I. They bring that place of _Saint John_, _Chapter_ 3. _Verse_ 16. Where God is said to have so loved the world, that he gave his Son: which place we have already taught, doth hurt _Arminius_; and that the sending of the Son is in the following words, restrained to the believers alone. Whence it is manifest, that Christ was not sent, but to save them who were to believe.

I might say that the world is here taken for the faithful alone; as, _John_ 6. 33 and I _Tim_. 3.16 and _Heb_. 2.5. But although we grant, that by the world all mankind are contained in the whole, yet it will not thence follow, that Christ purchased Salvation for all, and particular men, doth abundantly testify, that mankind is loved by God. ...

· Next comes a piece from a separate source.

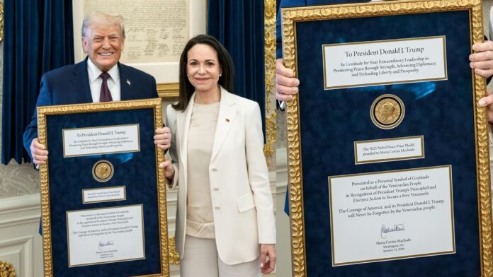 વેનેઝુએલાના વિપક્ષી નેતા મારિયા કોરિના મચાડોએ ગુરુવારે યુએસ રાષ્ટ્રપતિ ડોનાલ્ડ ટ્રમ્પને તેમનો નોબેલ શાંતિ પુરસ્કાર અર્પણ કર્યો. તેમણે વ્હાઇટ હાઉસ ખાતે રાષ્ટ્રપતિ ટ્રમ્પ સાથે મુલાકાત કરી, જ્યાં તેમણે એવોર્ડ અર્પણ કર્યો. તેમણે કહ્યું, “બેસો વર્ષમાં આ પહેલી વાર છે જ્યારે વેનેઝુએલાના લોકો વોશિંગ્ટનના ઉત્તરાધિકારીને મેડલ અર્પણ કરી રહ્યા છે. આ નોબેલ શાંતિ પુરસ્કાર મેડલ છે, જે આપણી સ્વતંત્રતામાં તેમના વિશેષ યોગદાનને માન્યતા આપવા માટે આપવામાં આવે છે.”

For more, see Pierre Du Moulin on Arminianism and John 3:16.


----------



## Reformed Covenanter (Jun 16, 2020)

I must admit that I find the second paragraph highly ambiguous. Maybe it is just the way it was translated?


----------



## W.C. Dean (Jun 16, 2020)

I think the second paragraph is saying that in general, world means all mankind, but it seems when referencing the world and salvation the Bible is pointing us to the elect across the planet.

Reactions: Like 1


----------



## PezLad (Jun 16, 2020)

Can world extent beyond people unto the whole creation? That is since the whole creation groans, yes including we who have the first fruits of the Spirit, God in Christ is redeeming all things, throwing death and Hades into hell and bringing the elect into the new heavens and new earths. Is God grieved not only at that those made in his image, their defacing of it, but also the corruption of all nature?


----------



## PezLad (Jun 16, 2020)

In regards to particular redemption, i see a parallel here which gives much insight; John 11: 51 .............."prophesied that Jesus would die for the nation, 52 and not for that nation only, but also that He would gather together in one the children of God who were scattered abroad. 1 John 2:2 My little children "............." And He Himself is the propitiation for our sins, and not for ours only but also for the whole world. Hence the salvation found in Christ extends beyond the borders of Israel.


----------